The healing works of Jesus show that He is the one whom the prophets foretold, as Christ Himself tells the unbelieving Pharisees: “If you don’t believe Me, believe the works that I do; then you may know and believe that the Father is in Me and I in Him.” (Jn 10:38).

Christ’s healing works show that to believe in Him – to believe that He “can do this” – is not to believe some religious assertion or theological proposition. It is to receive healing and the life of God. Moreover, to believe that Christ can heal me is to give myself wholly to Christ, and to “pass over” into the ascent of Christ from Hades to Heaven, from death to life in the Lord’s eternal Kingdom of Light.

In Christ, everything in the cosmos opens onto everything else. In the liturgical and sacramental mystery of the Church, earth opens onto heaven, time opens onto eternity, the present opens onto the past and the future, the material opens onto the immaterial, the earthly and mundane opens onto the spiritual glory of heaven. And, the healing of these two blind men and of the mute that we read about in this morning’s Gospel was a historical event in the life of Christ that opens onto the eternal spiritual mystery of our soul.
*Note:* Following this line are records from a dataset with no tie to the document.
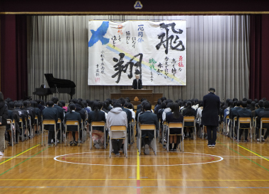 式辞で久保出校長は、これから本番に挑む3年生の受験生に「最後の最後まで諦めずに頑張ろう」とエールを送りました。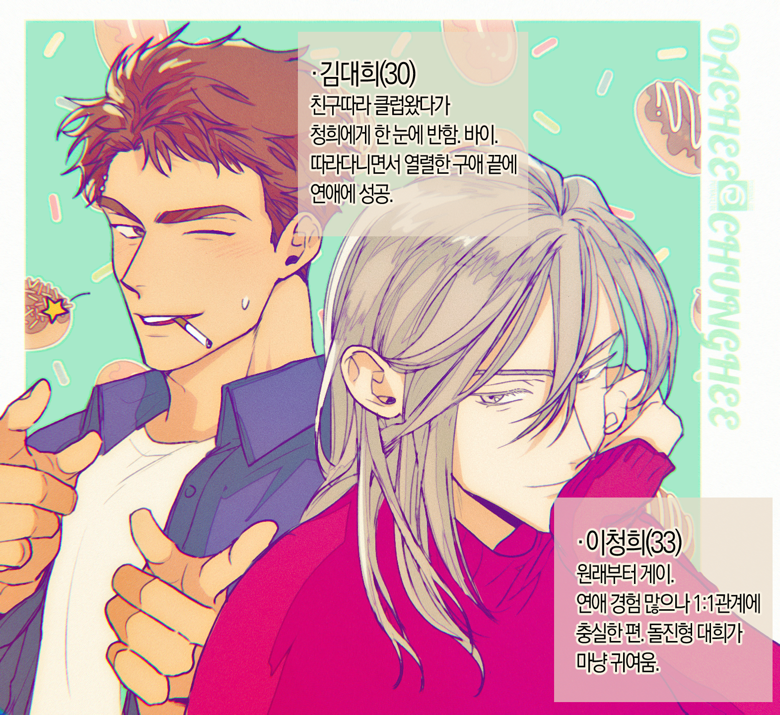 4. 사실 유준이의 클럽 친구들 중에 대희청희 커플도 정말 좋아했는데 둘 이야기는 따로 생각이 없으실까요?? 둘은 어떻게 만나게됐고 요즘은 어떻게 지내나요?? 다른 사람 잘 챙겨주고 상냥한 청희와 청희한테 꼼짝 못 하는 대희가 너무 귀여웠어요ㅎㅎㅎ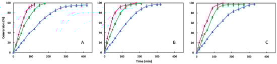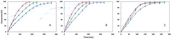 The average reaction rate in the first 30 min, as well as the time required to reach a conversion of more than 95% are the parameters used to compare the results (Table 3).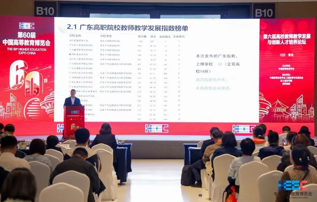 在本届高博会“高校教师教学发展与创新人才培养论坛”上,由中国高等教育学会联合发布了《全国普通高校教师教学发展指数》,广东工业大学联合发布了《广东省本科院校教师教学发展指数》,我校联合发布了《广东省高职院校教师教学发展指数》。副校长曾文权受邀参加了本次论坛并作“2023年广东省高职教师教学发展指数研究与实践”主题报告。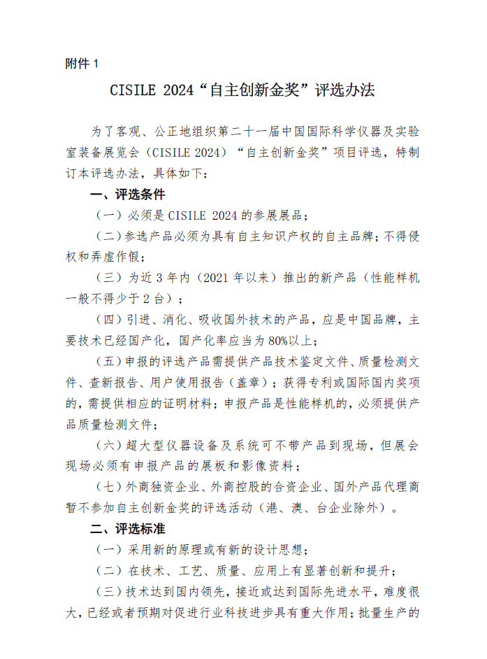1.CISILE 2024“自主創(chuàng)新金獎(jiǎng)”通知原文及評(píng)選辦法

As St Paul writes, before we were united to Christ in Holy Baptism, we were dead in our sins and trespasses. That is to say, our soul was dead. The eye of the soul is the lamp of the body, but it saw nothing because our soul was dead. In our soul, we were blind to the spiritual mystery of God because the treasure of our heart was not in God and His Christ but in the lust of the eyes, the lust of the flesh, the pride of life, all the things of the world that are passing away. Separated from God by our love for the things of the world, we lived and walked in a heart that was a tomb, where our dead soul was buried, spiritually blind. And so, our lips could not speak. We could not sing the praises of thanksgiving to God; for, the eye of our soul seeing nothing of the things of God, we had nothing to speak of. In every way, we were a spiritual corpse, having spiritual eyes that see not, spiritual ears that hear not, and lips that could speak nothing of the Spirit.
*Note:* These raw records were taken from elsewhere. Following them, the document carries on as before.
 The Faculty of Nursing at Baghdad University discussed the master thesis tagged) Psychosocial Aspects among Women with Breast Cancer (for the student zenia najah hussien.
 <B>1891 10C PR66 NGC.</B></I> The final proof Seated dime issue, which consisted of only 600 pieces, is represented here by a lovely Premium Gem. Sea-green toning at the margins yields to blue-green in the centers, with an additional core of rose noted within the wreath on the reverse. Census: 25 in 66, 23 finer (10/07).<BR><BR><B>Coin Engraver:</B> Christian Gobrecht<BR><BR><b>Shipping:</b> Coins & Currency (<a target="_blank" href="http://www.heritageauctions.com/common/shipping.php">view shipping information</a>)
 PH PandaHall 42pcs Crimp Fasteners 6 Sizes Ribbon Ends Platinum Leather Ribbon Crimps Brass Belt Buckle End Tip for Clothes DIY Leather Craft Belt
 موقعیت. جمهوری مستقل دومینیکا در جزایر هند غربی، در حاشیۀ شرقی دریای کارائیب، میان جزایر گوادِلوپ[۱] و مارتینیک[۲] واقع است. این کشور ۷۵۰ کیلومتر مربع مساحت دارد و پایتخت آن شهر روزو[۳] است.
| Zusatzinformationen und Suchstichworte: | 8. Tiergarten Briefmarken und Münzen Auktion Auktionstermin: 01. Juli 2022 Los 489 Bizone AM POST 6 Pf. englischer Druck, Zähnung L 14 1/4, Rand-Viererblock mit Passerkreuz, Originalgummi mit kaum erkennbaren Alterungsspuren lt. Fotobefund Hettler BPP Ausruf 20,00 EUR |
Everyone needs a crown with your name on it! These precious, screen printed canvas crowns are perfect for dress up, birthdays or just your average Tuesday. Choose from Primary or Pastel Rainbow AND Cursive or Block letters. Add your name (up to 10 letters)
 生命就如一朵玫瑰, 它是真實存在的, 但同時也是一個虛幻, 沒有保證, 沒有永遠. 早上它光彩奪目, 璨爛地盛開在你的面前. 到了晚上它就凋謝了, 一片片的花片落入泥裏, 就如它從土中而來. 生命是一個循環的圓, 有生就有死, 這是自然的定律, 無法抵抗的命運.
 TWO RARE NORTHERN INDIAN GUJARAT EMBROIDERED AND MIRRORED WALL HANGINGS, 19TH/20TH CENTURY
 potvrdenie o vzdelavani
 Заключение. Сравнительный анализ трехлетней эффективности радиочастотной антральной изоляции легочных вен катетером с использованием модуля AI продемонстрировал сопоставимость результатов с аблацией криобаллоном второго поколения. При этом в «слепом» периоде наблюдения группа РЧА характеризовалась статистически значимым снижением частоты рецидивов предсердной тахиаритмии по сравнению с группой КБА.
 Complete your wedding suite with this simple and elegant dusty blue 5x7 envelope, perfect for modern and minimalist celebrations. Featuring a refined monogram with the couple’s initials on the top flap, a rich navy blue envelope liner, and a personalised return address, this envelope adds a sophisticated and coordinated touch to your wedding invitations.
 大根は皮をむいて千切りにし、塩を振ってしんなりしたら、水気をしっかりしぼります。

Here in the temple of God’s glory is a good place for each one to look inward and to confess honestly what the treasure of our heart is. What do we live for? When we are alone, when no one is looking, what do we give our eyes to, our ears to, our lips to? What or who do we follow? Whose teaching, whose spirit – God’s or the world’s – is giving us our wisdom, our words to live by?
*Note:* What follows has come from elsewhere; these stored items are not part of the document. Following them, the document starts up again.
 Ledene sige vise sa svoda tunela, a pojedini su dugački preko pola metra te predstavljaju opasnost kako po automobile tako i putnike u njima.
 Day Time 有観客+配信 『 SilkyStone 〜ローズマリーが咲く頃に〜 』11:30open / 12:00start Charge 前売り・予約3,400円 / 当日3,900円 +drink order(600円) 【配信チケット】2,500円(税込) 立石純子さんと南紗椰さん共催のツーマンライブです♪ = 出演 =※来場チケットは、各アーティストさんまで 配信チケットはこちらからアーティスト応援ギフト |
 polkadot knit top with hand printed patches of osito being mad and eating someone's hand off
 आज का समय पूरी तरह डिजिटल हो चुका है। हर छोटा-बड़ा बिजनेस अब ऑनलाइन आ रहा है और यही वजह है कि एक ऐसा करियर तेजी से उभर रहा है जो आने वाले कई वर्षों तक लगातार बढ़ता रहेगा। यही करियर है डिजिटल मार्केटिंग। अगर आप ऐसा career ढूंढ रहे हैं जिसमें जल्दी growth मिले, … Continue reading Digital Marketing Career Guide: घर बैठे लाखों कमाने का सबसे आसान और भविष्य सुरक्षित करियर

St Matthew tells us that the blind men followed Jesus into the house, crying out, “Have mercy on us, Son of David.” It doesn’t say whose house Christ brought them into. I take the house in its spiritual meaning to be the Lord’s House, Christ’s Holy Church, the sacred temple of His crucified and risen body from whose side flow the healing and living waters of the Holy Spirit as Ezekiel the prophet foretold. I therefore take this morning’s Gospel to mean spiritually that they followed Christ into their heart, the Paschal mystery of Christ’s tomb.

It says that at the touch of Jesus, their eyes were opened and they could see. I take this spiritually to refer to the Paschal mystery of Christ uniting Himself to us even to the point of His death on the cross, and of His crucified body, when it is laid in the new tomb, touching the corpse of our soul buried in the tomb of our heart, and of the healing waters of His Holy Spirit washing over our dead souls and healing us, opening our eyes and raising us up into the life of His Holy Resurrection. And, it is clear that there was joy, for the lips of the blind men were opened and they spread His fame, they sang the thanksgiving, the eucharistia of His praise in all that country. The same happened with the mute. He, too, was brought to Jesus, presumably in the same house, in the same Paschal mystery of the human heart. And the living waters of the Savior washed over Him, too, so that he was healed and he spoke. And what did he say? Surely, he was found speaking with the multitudes of what he had seen with his eyes: “Nothing like this has ever been seen in Israel!”

Beloved faithful, Christ raises us to eternal life and opens the eyes of our soul when the words of His Holy Church touch our ears. If we believe that He can do this, i.e., if we receive Him in faith and give ourselves to Him in repentance, our lips are opened to show forth His praise, because He raises us from death to life by the healing power that soaks the words of the Church with the living waters of His Holy Spirit that flow from His side on the Cross. Christ touches even our physical eyes and ears with the sensual and sacramental beauty of His crucified and risen body, His Holy Church. He touches our lips with His own body and blood, and the healing, living waters of His Holy Spirit flow like the living waters of Eden and the healing waters of Ezekiel’s prophetic vision from the chalice into our mouths and into the marrow of our soul, touching us and healing us and raising us to eternal life, transforming our heart into a bridal chamber wherein children of God are born of the Holy Spirit from above.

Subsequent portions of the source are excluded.